REQUIRED WORK
Output everything in the data exactly, leaving the pictures out.

SOURCE DATA
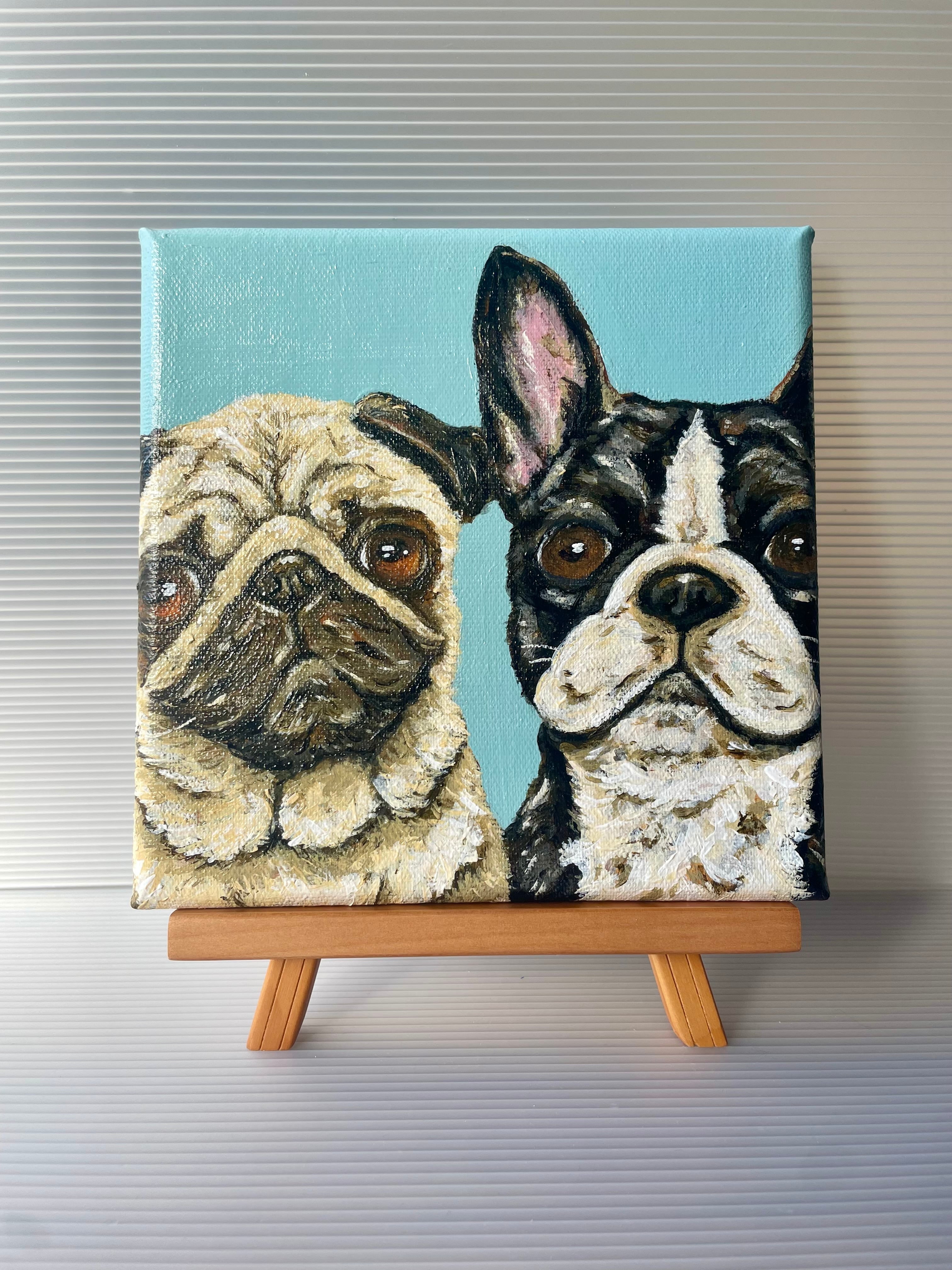 パグとフレンチブルドッグが、仲良く並んでこちらを見つめる姿を描いたアクリル原画作品です。
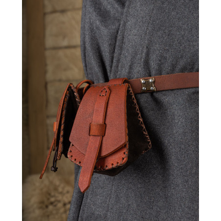 Ładna, mała torba na pas z misternymi ręcznymi szwami i prostą pętlą do zamykania.
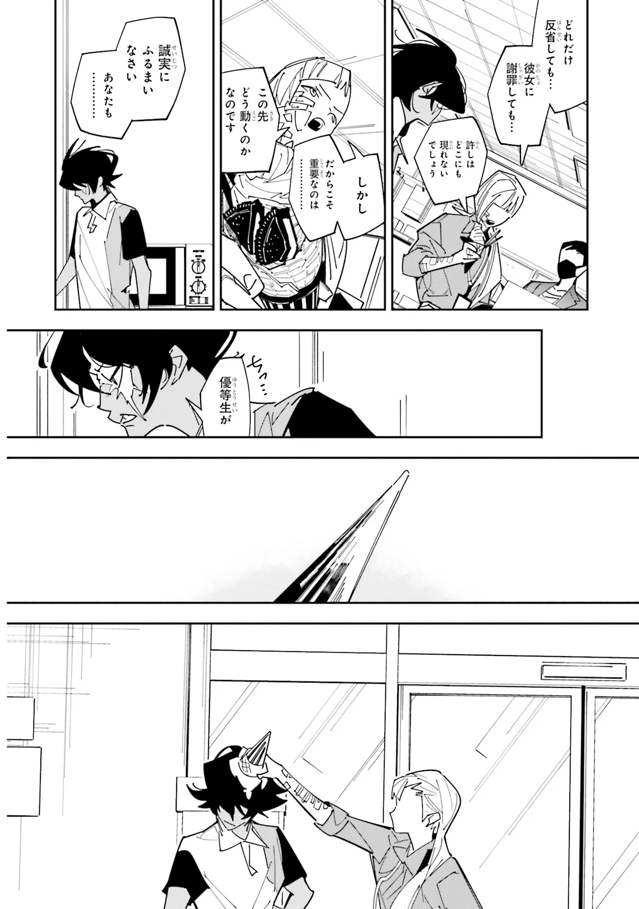 施錠された教室、机と椅子で施されたバリケード。眼前には椅子に拘束された自身の身体。少年は、自身が亡くなったことに気づく。 これは、文芸部のとあるミステリー小説。 高校2年生・折田伊織は見知らぬ後輩女子に、この作品が孕んだ

TASK RESPONSE
 パグとフレンチブルドッグが、仲良く並んでこちらを見つめる姿を描いたアクリル原画作品です。
 Ładna, mała torba na pas z misternymi ręcznymi szwami i prostą pętlą do zamykania.
 施錠された教室、机と椅子で施されたバリケード。眼前には椅子に拘束された自身の身体。少年は、自身が亡くなったことに気づく。 これは、文芸部のとあるミステリー小説。 高校2年生・折田伊織は見知らぬ後輩女子に、この作品が孕んだ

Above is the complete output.